Native Plant Nursery

Our native plant nursery is key to our restoration efforts.

Native plants are perfectly suited to our climate. They sustain our wildlife and are beautiful. We propagate and grow over 130 species of native trees, shrubs, wildflowers and ferns in our nursery.

The nursery was started as a way for us to help restore diversity to our forests. It is now central for our work in riparian zone enhancement, school ground naturalization, shoreline stabilization, erosion protection and landscaping. We also sell plants to the public, to be used around homes and private woodlots. The sale of plants to the public is an important fundraiser for our project, with the added benefit that every plant sold is new seed sourse helping to restore some of our rarest species. 

The nursery is a wonderful teaching space for our camps, courses and free events. To learn more about Prince Edward Island's native species, visit our Native Plant Species page. 

Our Plants

In 1991, we began growing native plants with a handful of acorns and a few bags of birch and ash seed we had collected. By 1994, we had thirty different species of native trees and shrubs, a few of which were very rare, including ironwood, witch hazel, and hobblebush. Today, our four-acre nursery is full to the brim and has over a dozen of the rarest species. Collecting new specimens, improving our propogation techniques and sharing this resourse with the public are keystones to our project.  

Our trees and shrubs spend as little time as possible in bags or pots. By growing plants in rich soil, and transplanting or root pruning our stock each year, we ensure that they develop a robust and healthy rootball. Healthy roots mean that our plants are able to gather lots water and nutrients after they are planted and will quickly adjust to their new home. We love these plants and are determined to grow the healthiest specimens possible.  

Nursery Layout

The nursery is a constant work in progress. We don't use any chemicals, which means that we rely on careful planning and old-fashioned elbow grease to control weeds and pests. We plant soil-enhancing cover crops such as winter rye, buckwheat and clover when areas are not in use and use large amounts of compost and manure to increase soil fertility. 

Protecting our plants and seeds from animals has been challenging. We use cages to protect seedlings which are especially delectable to the local mice and hare, and stratification boxes to protect our acorns, hazelnuts, and butternuts over the winter. Rare species like Ironwood are wrapped in the fall to protect them from being chewed.

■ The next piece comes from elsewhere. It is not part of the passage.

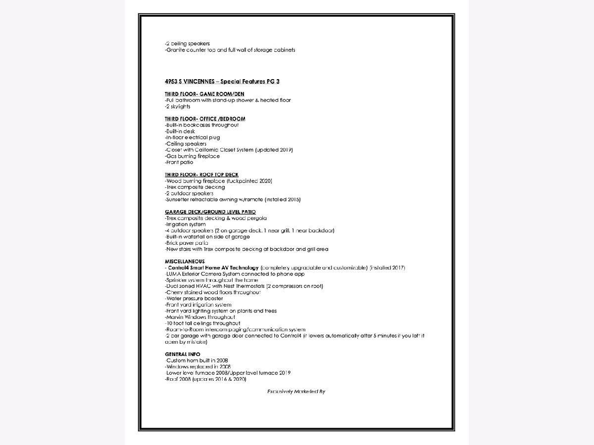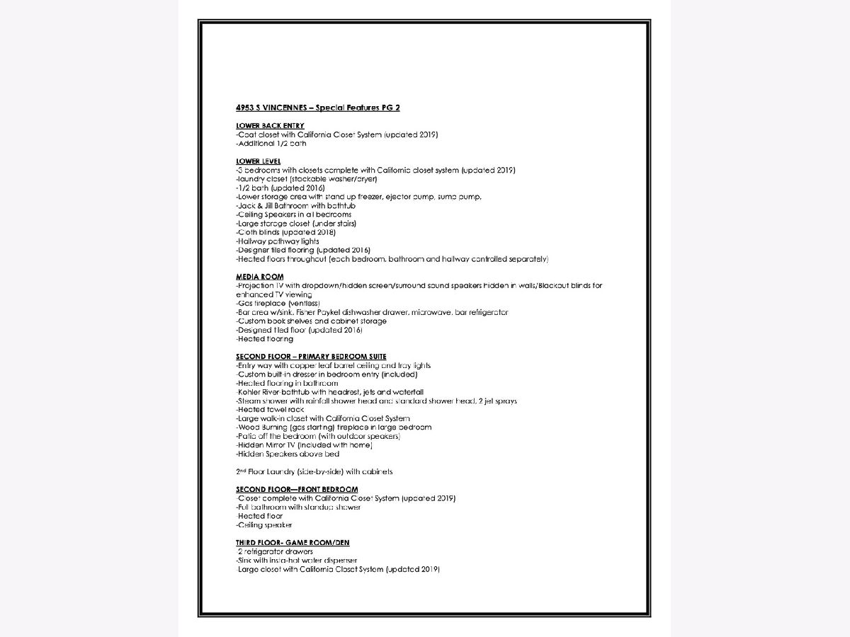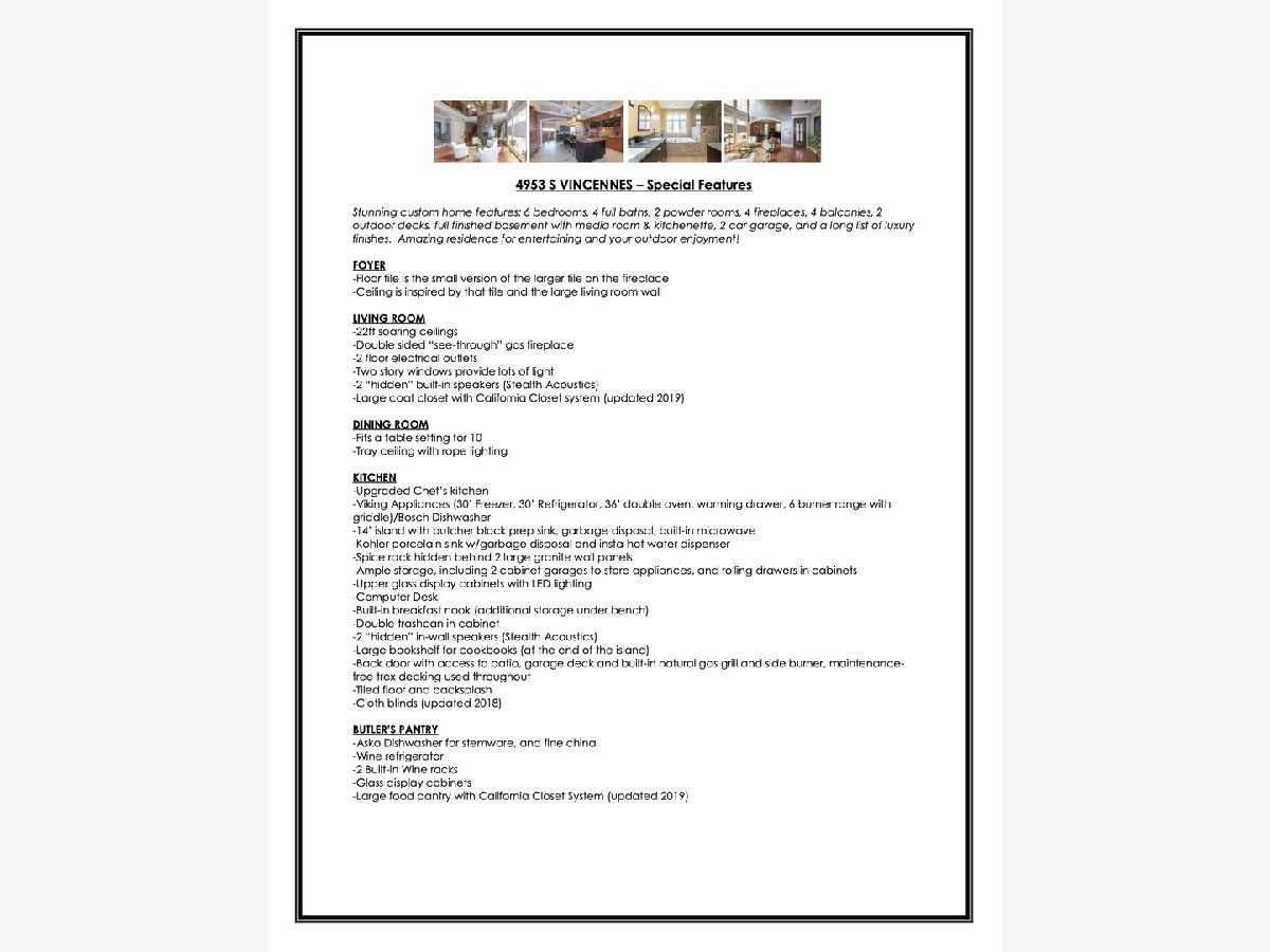 This stunning showpiece has exquisite amenities, unlike any others on market. Spacious SMART HOME and whole house audio by Control4, boasts 5500sf, 6BR's, 4 full baths, 2 powder rooms, and two car garage. Some stand out features include soaring 22ft coffered ceilings, two story windows and 4 fireplaces. True Chefs kitchen featuring Viking 6 burner range & refrigerator, Bosch dishwasher, insta hot water dispenser, warming drawer, double oven, wine fridge, formal Butler's Pantry with dishwasher, large storage pantry, creative hidden spice racks, pantry with swinging shelving, cabinets have rolling drawers and more. Spacious main bedroom suite, with gas fireplace, big balcony, hidden mirrored TV, luxurious bath with steam shower, heated floors & towel rack, a Waterfall jetted tub with headrest, & a custom large walk-in closet. Full finished lower level with heated floors has 3BR's ,one being used as a home gym, one full Jack and Jill bathroom and a half bathroom. A large kitchenette w/ a wine cooler, ice machine, dishwasher & microwave. The hallway has path lighting leading to a theater room with a projector and hidden screen, surround sound, and blackout shades. Home has 4 balconies, 2 huge rooftop decks, backyard, 2 grills, & 2 outdoor fireplaces. Near U of C, Hyde Park, & Bronzeville area. Minutes to loop, lake and shopping. ELIGIBLE FOR BUYER PAID LENDER CLOSING COSTS & PAID APPRAISAL VIA HUNTINGTON BANK...ASK FOR DETAILS.

Raised beds are the perfect for small seedlings as they warm up quickly in the spring and help with weed control. Tucked beneath a stand of old-field white spruce, we have a section that nurtures our shade-loving plants, such as young eastern hemlock and dutchman’s breeches. Raised beds in the sun are perfect for our other wildflowers, which are incredibly valuable to pollinators. While we do our best to protect our young seedlings from our animal friends, it also important to us that the nursery supports and provides food and homes for as many kinds of wildlife as possible. Every year, we have tree swallows return to our nest boxes, song sparrows ground nesting amoungst the trees and monarch butterfies thriving on our swamp milkweed, to name just a few. 

Two wetland areas have been developed, extending our ability to grow wetland plants. These rare and beautiful species include pitcher plant, sundew and soil filtering cattails. These areas are kept wetter than other parts of the nursery and use a mixture of soil, compost and peat moss to help retain moisture.

Propagation

Most of our propagation techniques have been developed through trial and error. Our most common methods include direct seeding, rooting cuttings and transplanting. Some species just want to grow, while others are a challenge. Learning to collect seed at the right time, figuring out how best to clean and stratify the seed and then create the right conditions for the seeds' germination, can be a complex process that takes years to figure out. To complicate matters, some seed can take up to three years to germinate, which requires lots of patience and good record keeping. Once germination takes place, the careful process of transplanting and care begins.  

Each year we travel the province looking for seed from the best and healthiest native plants, as well as gathering seed from plants we have grown on the property.  

We extend our growing season with a greenhouse. This controlled environment allows us to experiment and cultivate species that require special attention, many of which we were previously unable to grow.